The claimants worked for approximately 20 different companies and claim exposure in several ways, including through cleaning up asbestos material or through the release of asbestos fibers due to sanding or disturbing asbestos materials. They even allege take-home exposures, where the claimant was not present at the project, but was exposed to asbestos through a spouse who brought asbestos home, according to the court document.
American Home contends in the court document that an actual diagnosable disease needed to exist during the policy period for the policy’s personal injury coverage to be triggered, and this did not occur during the policy period.
With this in mind, American Home seeks a declaration that the insureds cannot prove any of the claimants suffered injuries during the period covered under the policy, the court document says.
American Home says this is because, under New York law, proving injury requires proving actual injury.
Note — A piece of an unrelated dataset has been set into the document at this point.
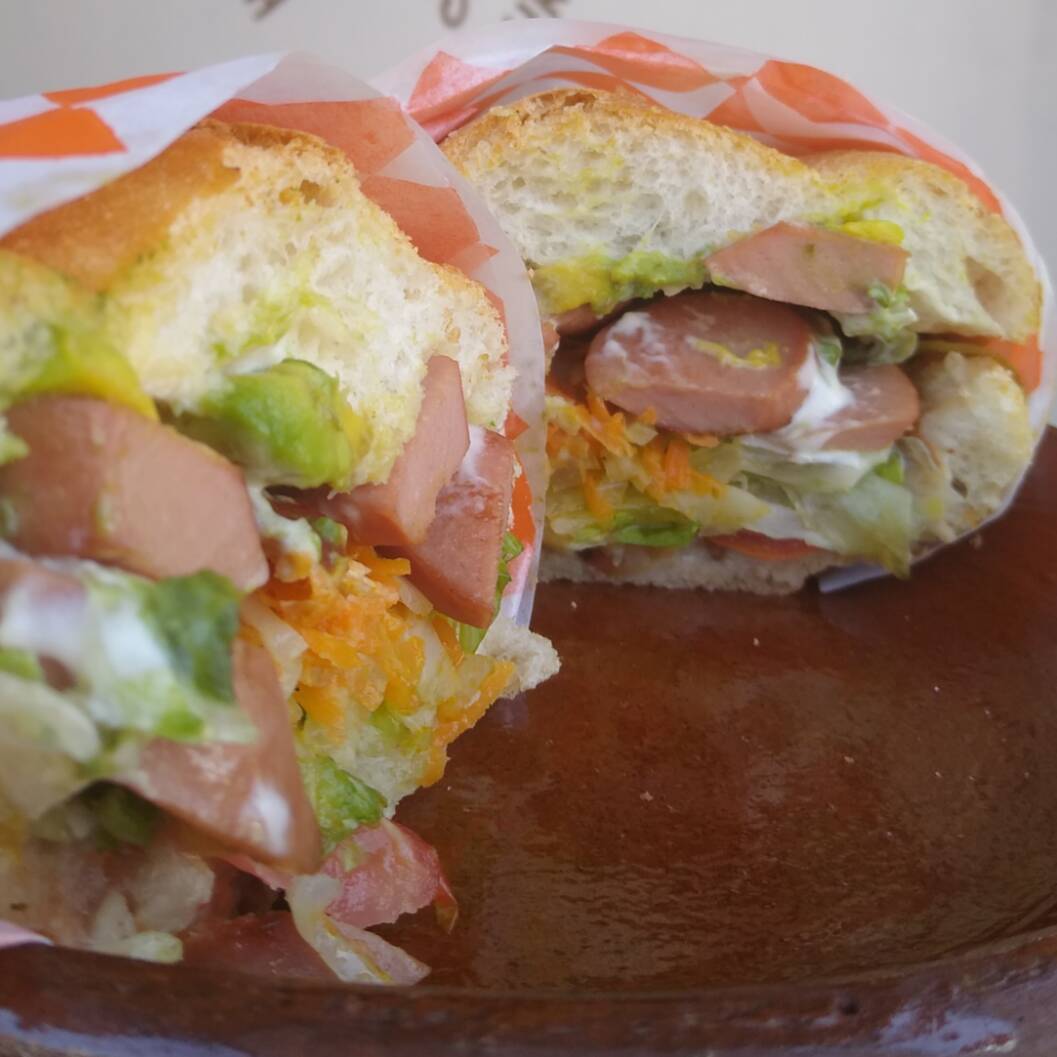 Telera🥖 con aderezo 🍚, lechuga🥬, zanahoria 🥕, jitomate 🍅,cebolla🧅, aguacate🥑 y Jamón 🥓

It argues it is impossible to prove an asbestos claimant who developed a disease within the past few years was injured more than three decades ago.
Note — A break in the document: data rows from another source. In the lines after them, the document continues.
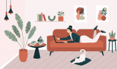 Młoda kobieta trenująca sport. Cute happy girl wykonywania gimnastyczne hantle ćwiczenia w domu. Płaskie kolorowe wektor ilustracji.
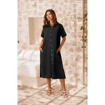 Zeagoo Womens Shirt Dress Summer Button Down Dress Swing Side Slit Midi Dresses with Pockets Black M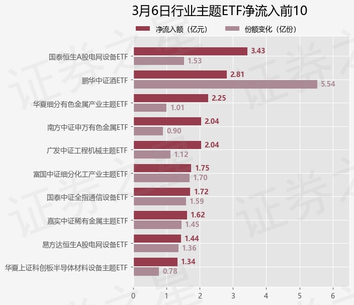 当日有95只行业主题ETF基金出现资金净流入,其中净流入排首位的是国泰恒生A股电网设备ETF(561380),份额增加了1.53亿份,净流入额为3.43亿元。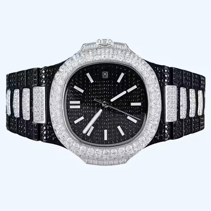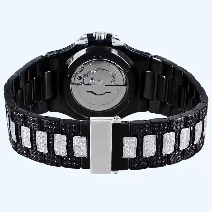 Men's ICed Black Moissanite Diamond Watch Luxury Hip Hop Bling Round 40mm Analog Glass 20mm Automatic Movement Fashion Charm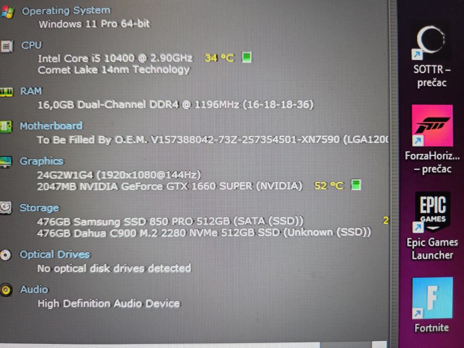 CPU-------------I5 10400 4,3 MHz ---6 fizičke i 12 logičkih jezgri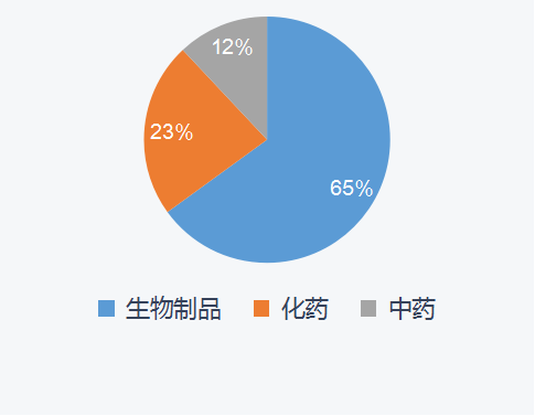 按照药品类型统计,这100个产品(项目)中,生物制品占比超过一半,为65%,化药和中药占比分别为23%和12%。

On the other hand, the Port Authority, Tishman and Alcoa seek a declaration that coverage is triggered under the policy for the WTC asbestos claims because the injuries alleged by the claimants resulted from the construction of the WTC.
Additionally, they argue coverage would be triggered for the WTC asbestos claims regardless, because personal injury sufficient to trigger the policy is alleged and could have occurred during the policy period.
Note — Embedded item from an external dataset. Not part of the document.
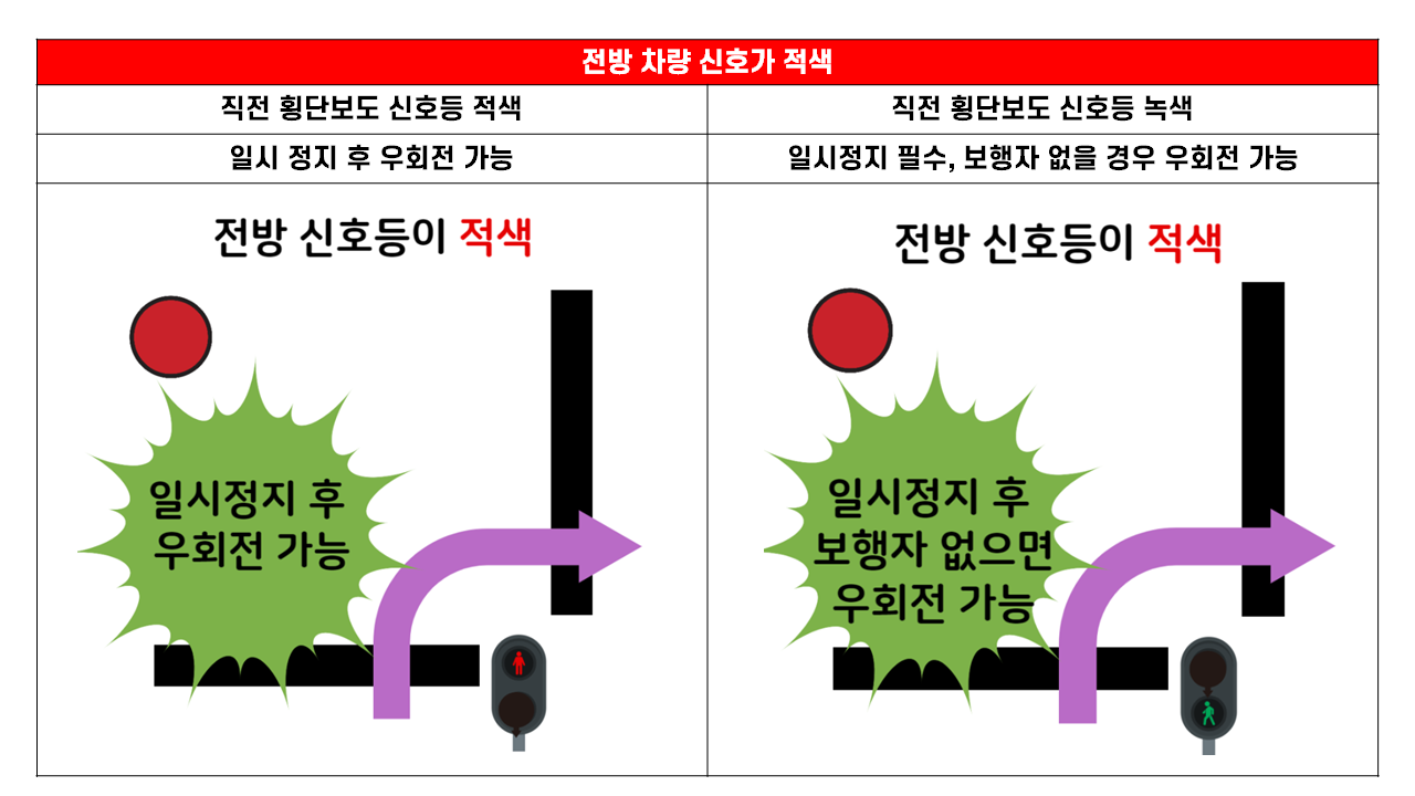 차량 신호등이 적색이고, 차가 우회전하려는 경우 정지선, 횡단보도 및 교차로 앞에서 의무적으로 차를 정차한 후, 지나가는 의무를 에정하고 있습니다. 사고 다발지역에는 우회전 삼색등을 설치 후 신호에 따르는 것도 추가되었습니다.

Contrary to American Home’s arguments, Supreme Court Justice Eileen Bransten writes in the decision document that the plain language of the policy does not require injury during the policy period for coverage to be triggered.
Bransten states that under the plain language of the policy, coverage is triggered if the injury results from construction of the project, regardless of when the injury began.
“The policy makes clear that American Home must pay all sums that an insured becomes legally obligated to pay in connection with the construction of the project as damages because of personal injury,” Bransten says in the decision. “It is clear that it is the insureds’ operations, not a plaintiff’s injury, which must occur during the policy period to trigger coverage.”
Bransten goes on to say that for more than 20 years prior, American Home consistently applied the policy to provide coverage for the WTC asbestos claims when the plaintiffs alleged asbestos exposure during the project’s construction but were diagnosed with a disease after American Home says the policy period ended.
“For more than two decades, American Home acted as an insurer that understood that it had a clear coverage obligation,” Bransten says in the decision. “Because American Home’s reinterpretation of the policy is refuted both by a plain language reading of the applicable provisions, and by its own decades-long prior interpretation, American Home’s motion for a declaratory judgment is denied.”
The insureds’ motion for a declaratory judgment that coverage is triggered under the policy for the WTC asbestos claims was granted by the court.
Bransten further decided that the WTC asbestos claims due to spray-on fireproofing do not constitute a single occurrence under the policy and New York law. She ruled that the policy is not exhausted as a result of the WTC asbestos claims or the WTC fireproofing claims, and American Home cannot obtain a declaration of no coverage for pending WTC asbestos claims.
The New York Supreme Court ordered that the remainder of the action continue, and all parties are set to appear for a pre-trial conference on Jan. 16, 2018.